Slow Cooker Pork Roast Veggies (Printer-Friendly)

Pork roast slow-cooked with potatoes, carrots, and aromatic herbs. Comforting, easy, and packed with rich flavors.

# What You’ll Need to Cook:

→ Main

01 - 1.4–1.8 kg pork shoulder or pork loin roast, well-marbled

→ For Searing & Flavor Base

02 - 15 ml olive oil
03 - 1 large onion, diced
04 - 4 cloves garlic, minced

→ Dry Seasonings

05 - 5 g salt
06 - 5 g black pepper
07 - 5 g garlic powder
08 - 5 g onion powder
09 - 2.5 g dried thyme
10 - 2.5 g dried oregano
11 - 2.5 g ground cumin

→ Cooking Liquid

12 - 360 ml chicken broth
13 - 60 ml balsamic vinegar
14 - 60 ml soy sauce
15 - 30–45 ml honey

→ Vegetables and Herbs

16 - 900 g potatoes, cut into 5 cm pieces
17 - 680 g carrots, cut into 5 cm pieces
18 - 4–6 sprigs fresh rosemary and thyme

→ For Thickening (optional)

19 - 10 g corn starch (for gravy, optional)

# Steps to Prepare:

01 - Pat pork roast dry with paper towels. Evenly coat pork on all sides with salt, black pepper, garlic powder, onion powder, thyme, oregano, and cumin.
02 - Heat olive oil in a large skillet over medium-high heat. Sear pork roast on each side until browned, about 2–3 minutes per side. Transfer the pork to the slow cooker.
03 - In the same skillet, add diced onion and minced garlic. Sauté for 2–3 minutes until softened. Deglaze pan with chicken broth, scraping up any browned bits. Stir in balsamic vinegar, soy sauce, and honey. Pour this mixture over the pork in the slow cooker.
04 - Arrange potato and carrot pieces around the pork. Tuck rosemary and thyme sprigs into the vegetables and over the pork.
05 - Cover slow cooker and cook on low setting for 8–10 hours, or until pork is very tender and easily shredded with a fork. Ensure pork reaches at least 63°C internal temperature.
06 - Remove herb sprigs and discard. Shred pork into large pieces with two forks directly in the slow cooker.
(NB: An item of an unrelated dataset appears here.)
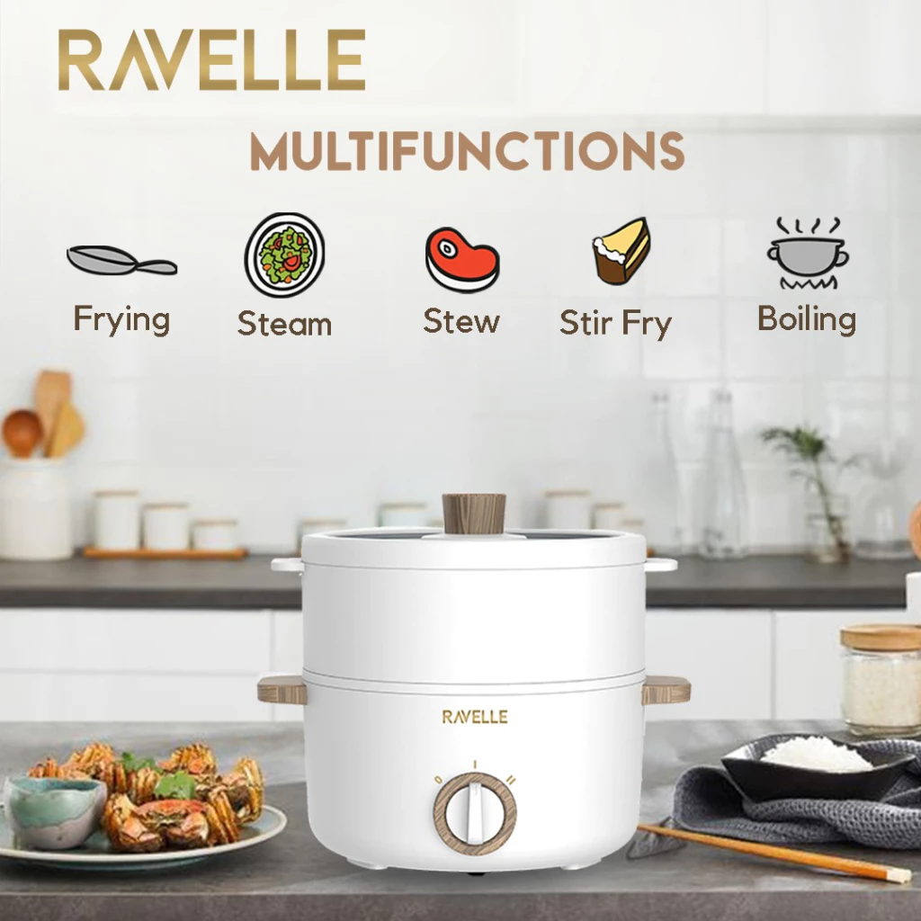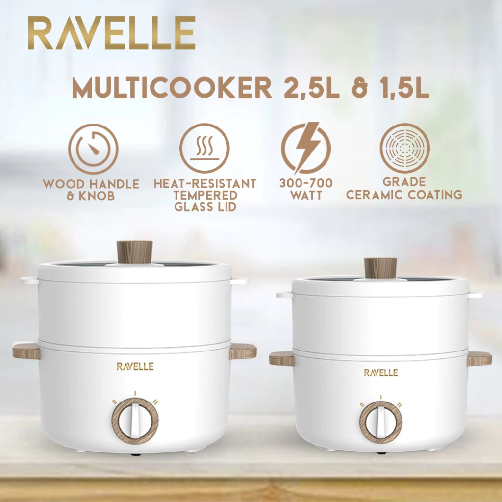 RAVELLE Multicooker 2.5 Liter - Panci Kukusan Listrik Multifungsi Low Watt
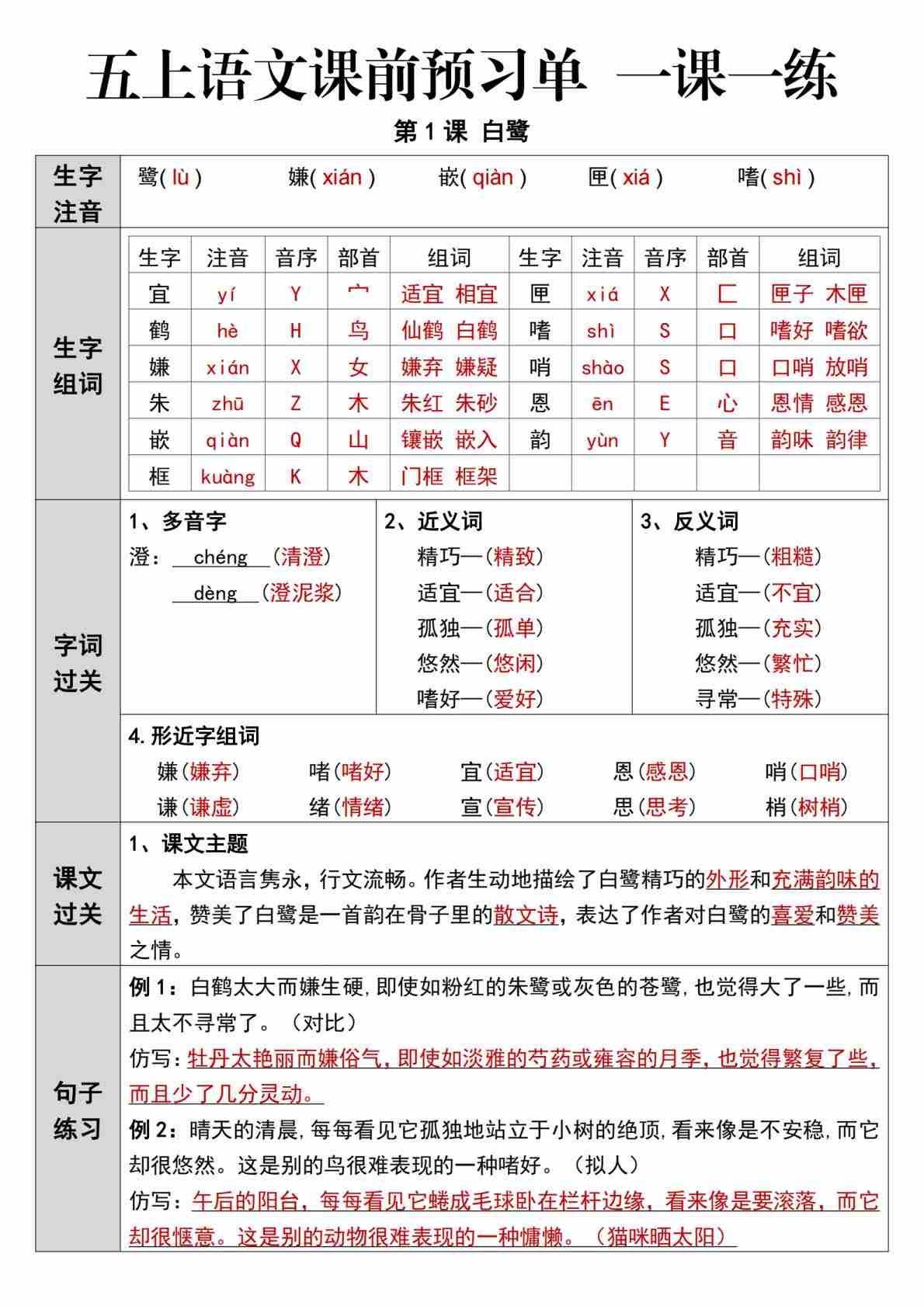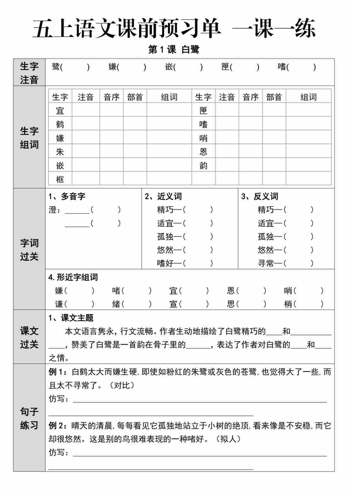 五(上)语文1-8单元默写通关训练(附答案19页)

Serve with potatoes, carrots, and a generous ladle of the cooking liquid.
07 - For a thicker sauce, remove 240 ml of the hot cooking liquid, whisk in 10 g corn starch, microwave for 30–60 seconds until thickened, then drizzle over pork to serve.

# Extra Cooking Tips:

01 - Searing the roast before slow cooking enhances the final flavor through caramelization.
02 - Both boneless and bone-in pork cuts work well; pork shoulder yields the richest, most tender result.
03 - For variation, swap in sweet potatoes or parsnip, or add a splash of apple cider to the cooking liquid.
04 - Let the meat rest a few minutes after cooking to retain juices before shredding.
05 - Leftovers are excellent for tacos, sandwiches, or rice bowls.